You’ll be happiest if you come prepared for a day that mixes walking, outdoor time, and cooking.

Bring:

  • Comfortable shoes (market walking + restaurant floor space)
  • Comfortable clothes (boat + kitchen work + potential rain)

A couple more smart moves:

  • If you have allergies, tell them ahead of time.
  • If you’re doing the afternoon slot, don’t schedule something right before—this experience includes a meal for that slot and you’ll be in motion.
  • Kids under 3 are free of charge, but they won’t participate in the cooking and share services with their parents.

Should you book this tour or skip it?

I’d book it if you want a Hoi An day that’s more than a single activity. The combination of a market ingredient walk, a bamboo basket boat eco stop in Bay Mau, and a structured cooking class with an English-speaking chef is the kind of “you’ll use it later” experience that pays off.

Skip it only if:

  • you’re looking for a strictly relaxing boat day with no cooking intensity, or
  • you strongly dislike hands-on activities, or
  • you’d rather choose only one theme (food or nature) instead of a packed day.

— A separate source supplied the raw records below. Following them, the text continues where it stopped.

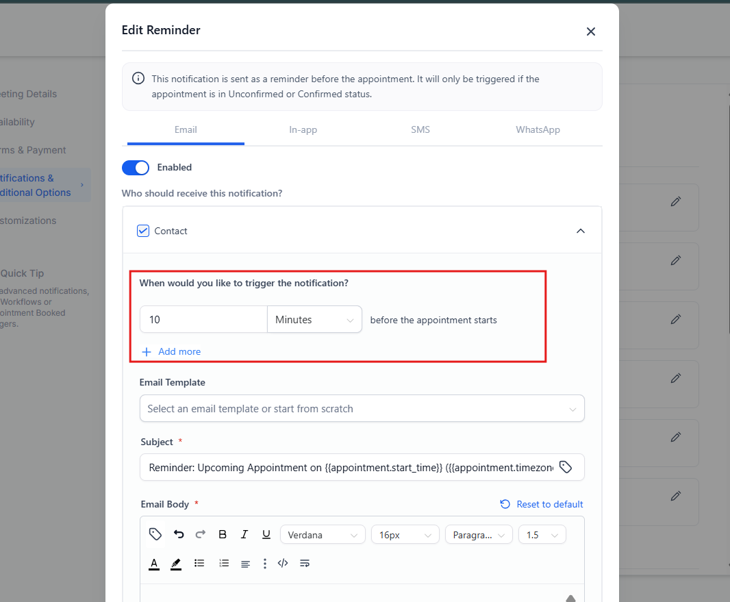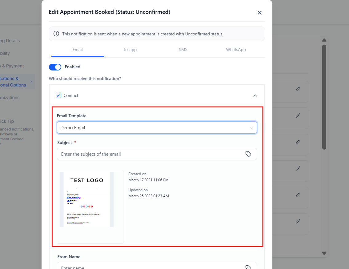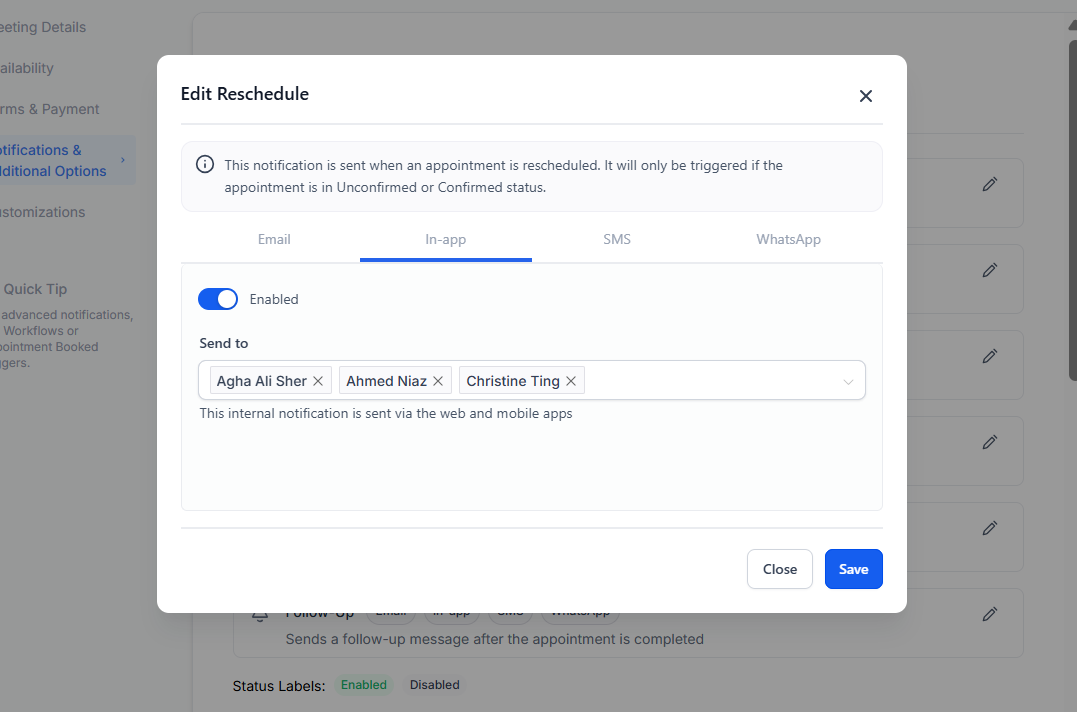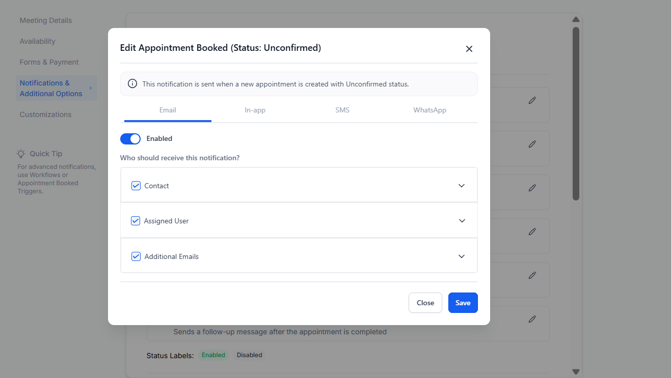 Users can fully customize their email and in-app notifications related to appointments. This allows users more control over notification content and recipients, with six types of notifications available, including Appointment Booked, Cancellation, and Follow-Up.
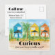 En anpassningsbar riktig postkortsbrevbärare i gods marknadsföring för potentiella hemförsäljare för en kostnadsfri uppskattning av hemmet, som dekoreras med tropiska strandhus som målats med klara vattenfärger med handflatan träd och slät sand. Du kan anpassa framsidan och baksidan är en personlig som du kan anpassa efter dina behov.
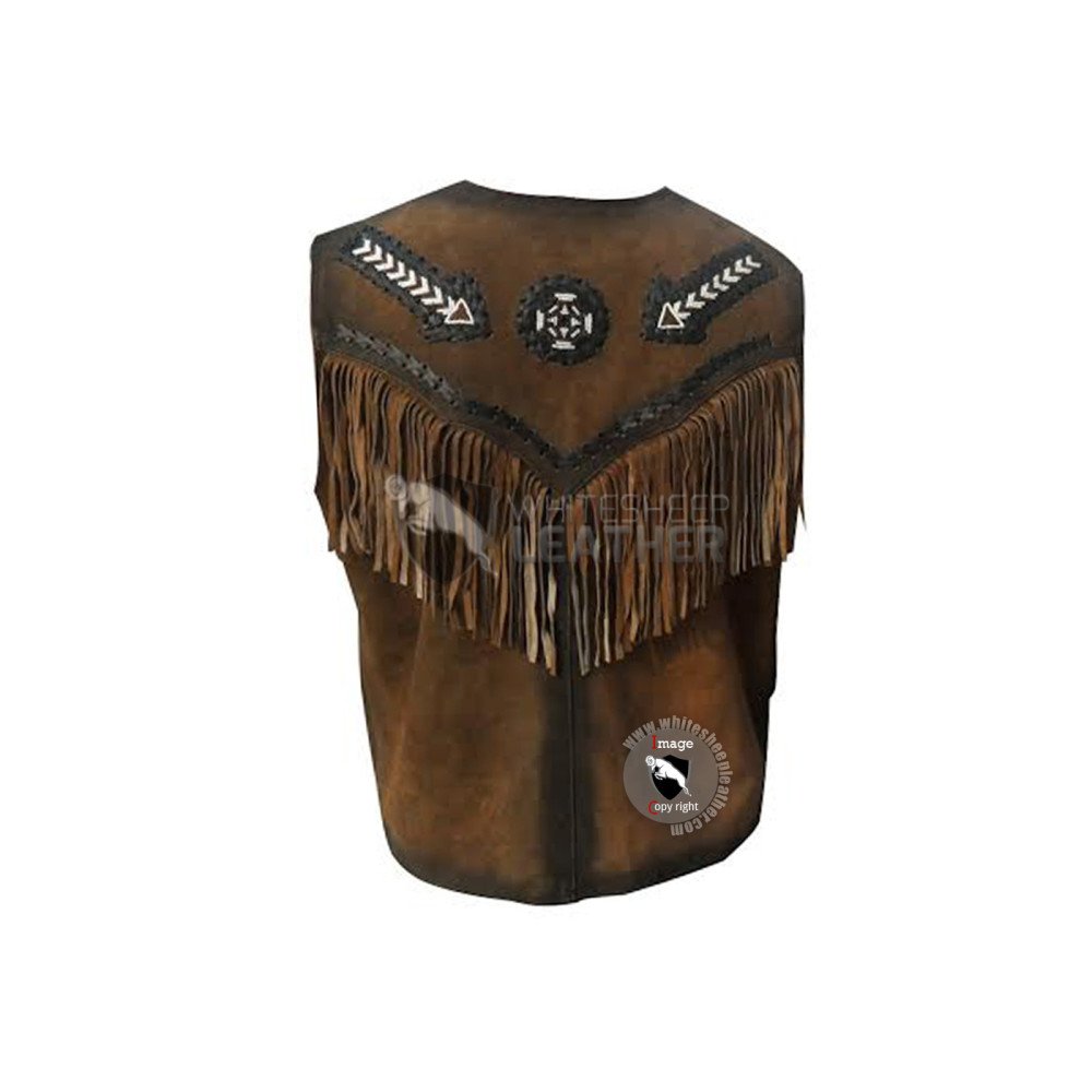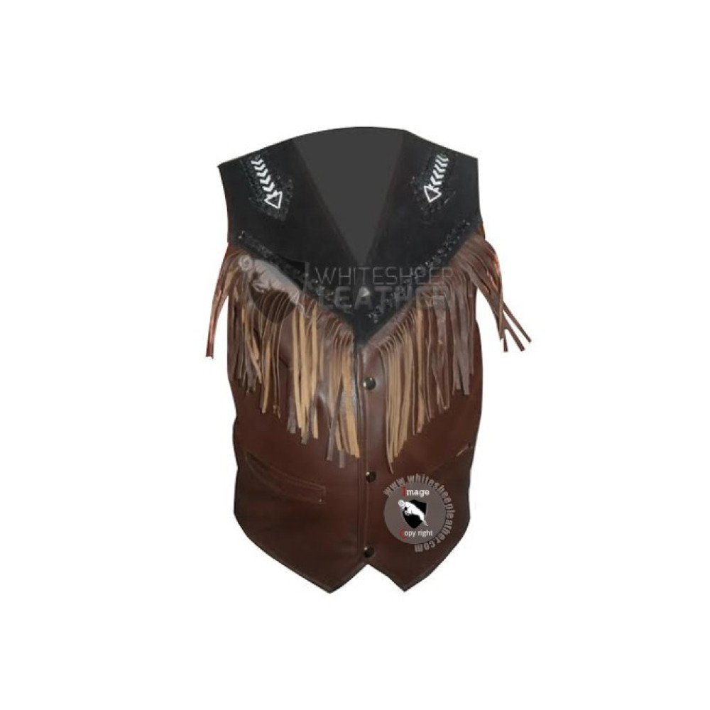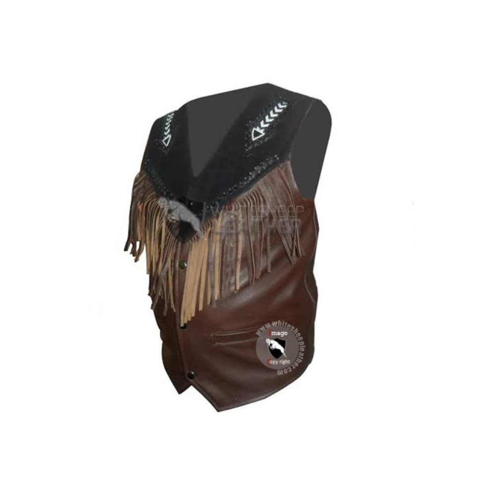 Mens Bread Fringe Western Leather vest Jacket ( Free Shipping )

If you’re on the fence, here’s the easiest decision rule: if you want to learn how pho and Vietnamese flavors work from the ground up, this tour gives you the ingredients, the teaching, and the chance to taste your results.

FAQ

How long is the Hoi An Vietnamese cooking class with pho and eco tour?

The duration is 270 minutes.

How much does it cost?

It’s $28 per person.

What’s included in the price?

Hotel pickup and drop-off, an English-speaking chef, a local market tour, a basket boat ride, all ingredients for the cooking class, and lunch for the morning slot or dinner for the afternoon slot.

Are drinks included?

No. Drinks are not included.

Do I get picked up from my hotel?

Yes, pickup and drop-off are included for hotels in Hoi An city center.

Is pickup included if I stay outside Hoi An city center?

Pickup is included for Hoi An city center, but if you’re in Da Nang or certain listed resorts (Hoiana Resort, Vinpearl Nam Hoi An, Bliss Resort, Tui Blue Resort), there is an extra fee depending on group size.

What do I do on the bamboo basket boat?

You ride through Bay Mau coconut forest, watch a basket boat performance, throw a fishing net, and you can try catching crabs.

Will I cook pho?

Yes. The experience is a Vietnamese cooking class with pho, and you cook 4 local dishes total.

Is the class taught in English?

Yes. The chef is English-speaking.

Are there vegetarian or vegan options?

Yes. Vegan/vegetarian options are available, and you should inform the operator in advance about dietary restrictions or allergies.